The more aggressive projection reflects a more bullish economic outlook from the Fed.
Fed policymakers lowered their median forecast for unemployment to 3.6% this year, down from 3.8% previously, and to 3.5% for the following two years.
At the same time they raised their median projections for headline Personal Consumption Expenditures, the Fed’s favored gauge of inflation, to 2.1% this year and the next two, up from 1.9% for 2018 and 2% for 2019 (its 2020 projection was unchanged). Core PCE inflation, which exempts food and energy, is projected to increase to 2% this year, up from 1.9% previously, and 2.1% for the each of the next two years.

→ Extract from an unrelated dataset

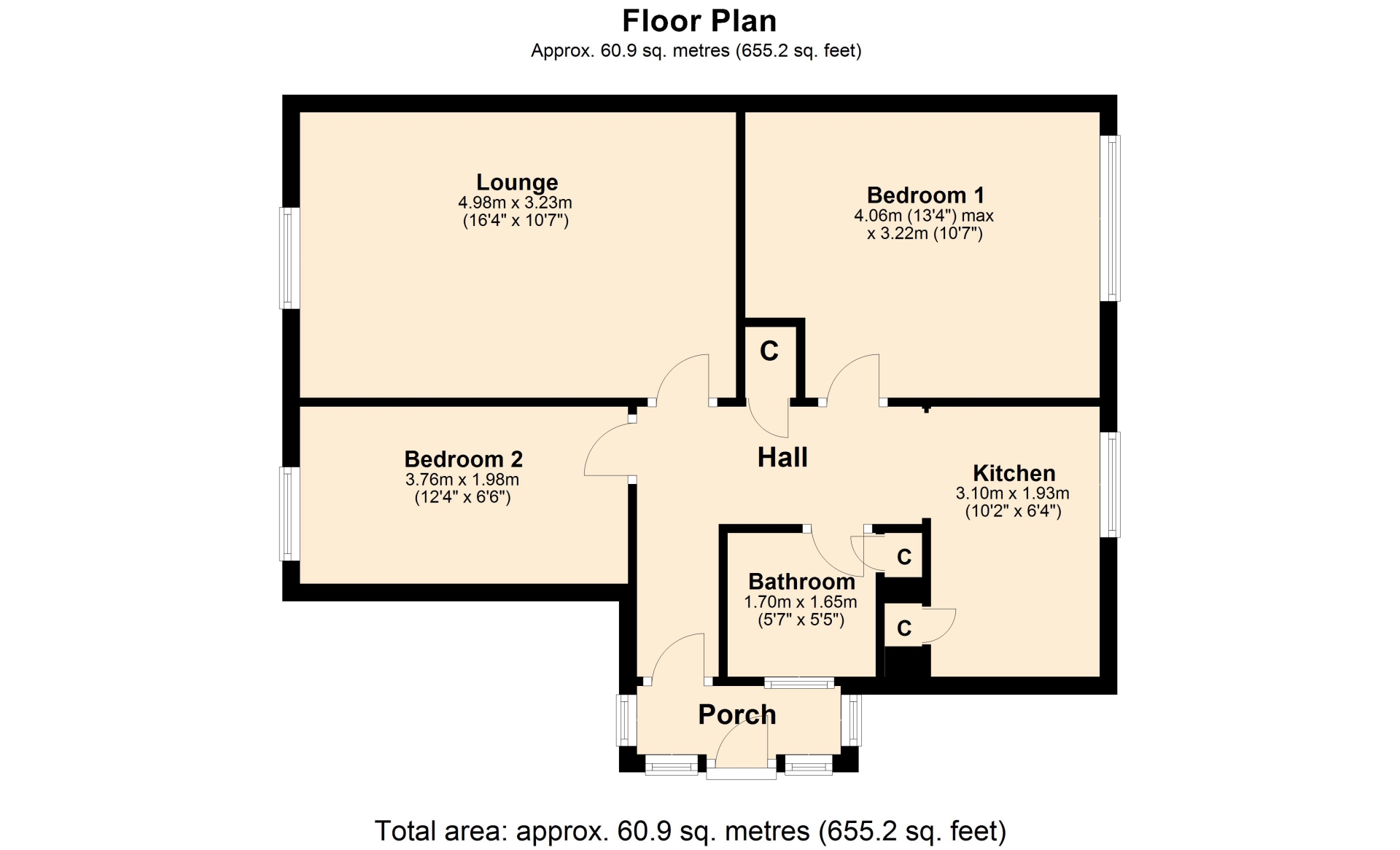 BEDROOM TWO 3.76m x 1.98m (12'4" x 6'5")

Inflation is “just about at our 2% goal,” said Fed Chairman Jerome Powell in his press conference following the policy announcement from the Federal Open Market Committee. But he added that the central bank was “not ready to declare victory until we sustain that over time, which we haven’t done yet.”
The Fed also raised its median forecast for GDP growth in 2018 to 2.8%, up from 2.7%, but made no changes for projections of 2.4% and 2% for 2019 and 2020.
In its statement, the Fed noted that “economic activity as been rising at a solid rate, job gains have been strong … [and] business fixed investment has continued to grow strongly.”